Erasing Mossville: How Pollution Killed a Louisiana Town

ALLEN LEBLANC LED A VIGOROUS LIFE as a young man growing up in Mossville, Louisiana. He had a sheet-rocking business, drove trucks, and worked at the Conoco oil refinery. He helped his mother and stepfather run their nightclub, where Tina Turner and James Brown used to play. He also helped out at home with his five children, and he would paint, fix broken windows, and mow lawns for neighbors who couldn’t afford to maintain their houses. Now, at 71, LeBlanc is on disability, and for most of the last decade he has refused to leave his house. Seizures, liver problems, a stroke, tremors, insomnia, fatigue, and depression plague him. He can no longer drive, and he can’t walk from his front door to the sidewalk without collapsing.

Allen LeBlanc sits on his front porch in Mossville, La., Oct. 22, 2015.

Allen LeBlanc sits on his front porch in Mossville, La., Oct. 22, 2015.
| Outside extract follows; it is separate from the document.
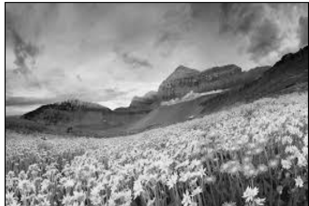
Fig. 3 Himalayan Creative Representation

The best thing you can give to people is your trust. Be open to the people you meet and your conversation will become more meaningful. As life flashed before our eyes, we often realized how little friends we had in our lives. Be more open to people, leave a positive mark in their lives and they will do the same to you.

LeBlanc attributes his debilitation not to heredity or unhealthy habits but to the toxic emissions from industrial plants that have proliferated in the neighboring town of Westlake. Just beyond the curtain of pines and cypress trees surrounding Mossville sits an oil refinery, several petrochemical plants, and one of the country’s largest concentrations of manufacturers of vinyl chloride, a main ingredient in polyvinyl chloride, the plastic known as PVC. As a matter of course — and most often within permitted levels — these facilities emit millions of pounds of toxins into the air, water, and soil each year. “Living here has messed me up,” LeBlanc said. Although his appearance was disheveled, he spoke clearly and coherently, upright in his chair. “If I could have another life, I’d take it. This one ain’t worth 10 cents to me,” he said in his thick Louisiana drawl. “I’d like to do things for myself again — I’d give everything I’ve got for that.”